Tuesday, May 26, 2009

China owns the market

Beijing is caught in 'trap' over dollar

China's official foreign exchange manager is still buying record amounts of US government bonds, despite Beijing's increasingly vocal fear of a dollar collapse, according to officials and analysts.

In recent months, senior Chinese officials, including Premier Wen Jiabao, have repeatedly signalled their concern that US policies could lead to a collapse in the dollar and global inflation.

But Chinese and western officials in Beijing say China is caught in a "dollar trap" and has little choice but to keep pouring the bulk of its growing reserves into the US Treasury, which remains the only market big enough and liquid enough to support its huge purchases.

In March alone, China's direct holdings of US Treasury securities rose by $23.7bn (£14.9bn) to reach a new record high of $768bn, according to preliminary US data, allowing China to retain its title as the biggest creditor of the US government.

"Because of the sheer size of its reserves Safe [China's State Administration of Foreign Exchange] will immediately disrupt any other market it tries to shift into in a big way and could also collapse the value of its existing reserves if it sold too many dollars," said a western official, who spoke on condition of anonymity.

The composition of China's reserves is a state secret but dollar assets are estimated to comprise as much as 70 per cent of the $1,953bn total. China owns nearly a quarter of the US debt held by foreigners, according to US Treasury data.
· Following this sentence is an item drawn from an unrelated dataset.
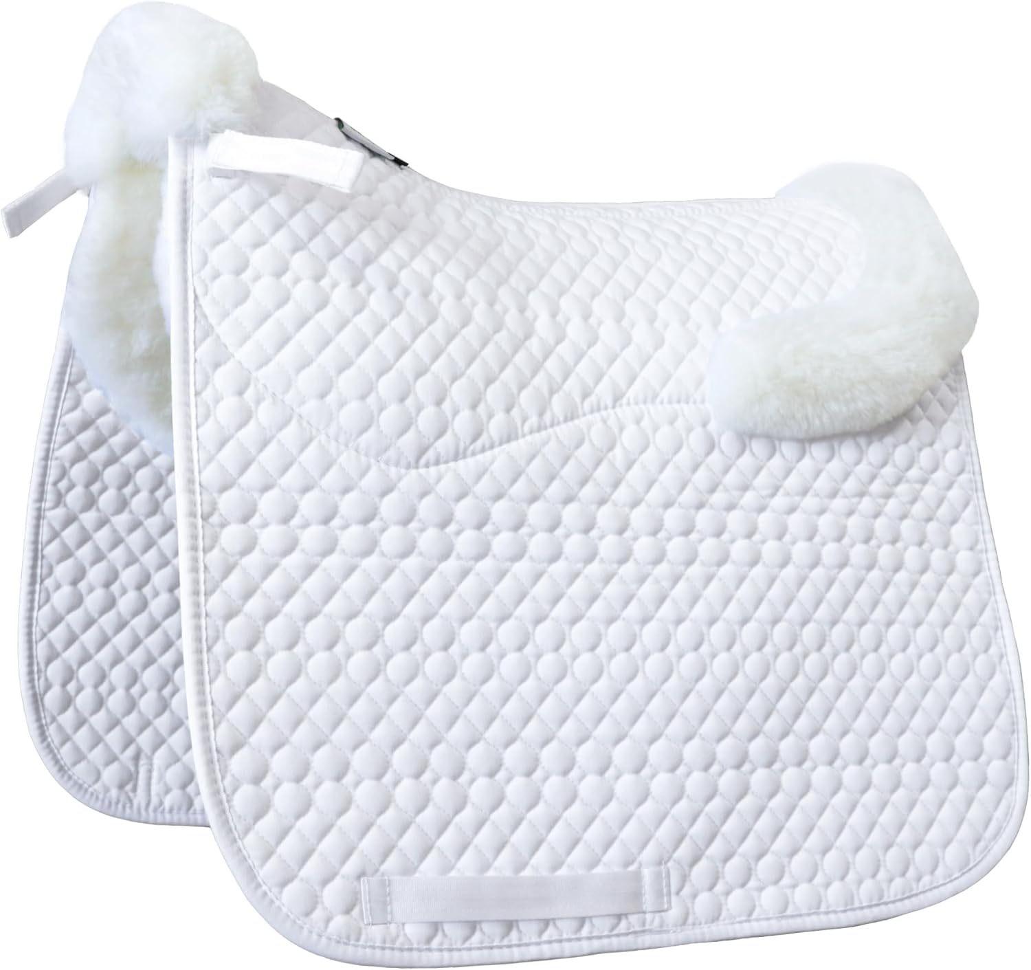 Woolous Dressage Saddle Pad, English Saddle Pad with Sheepskin Trim, Lambskin Wool Fleece Lining, Square Saddle Pad for Equestrian Riding, Comfortable & Shock Absorbing

The collapse of Fannie Mae and Freddie Mac, the US mortgage financiers, last summer prompted Safe to adjust its strategy and buy far more short-term US government securities, instead of longer-maturity bonds and notes.

When you become the "owner of a market" through manipulation, in this case by artificially lowering the value of a currency, the Renminbi, you face tough choices. There are consequences, usually bad ones when you do this for too long as so many "commodity cornering" traders have found out. China has the option of forcing its currency up to reflect its growing clout in the global economy, or it can start to sell its dollar holdings and shift into something else, most likely a more diversified basket of currencies/commodities or gold/silver.

Treasuries are in trouble as they can only be held up by foreign purchases or monetization by the Fed. Seeing as how the foreign purchasers see a lot of credit/inflation risk, we are only left with option 2. Monetization is outright inflation of the currency and leads to bad things like hyperinflation. Equity markets are reflecting this risk in higher nominal prices.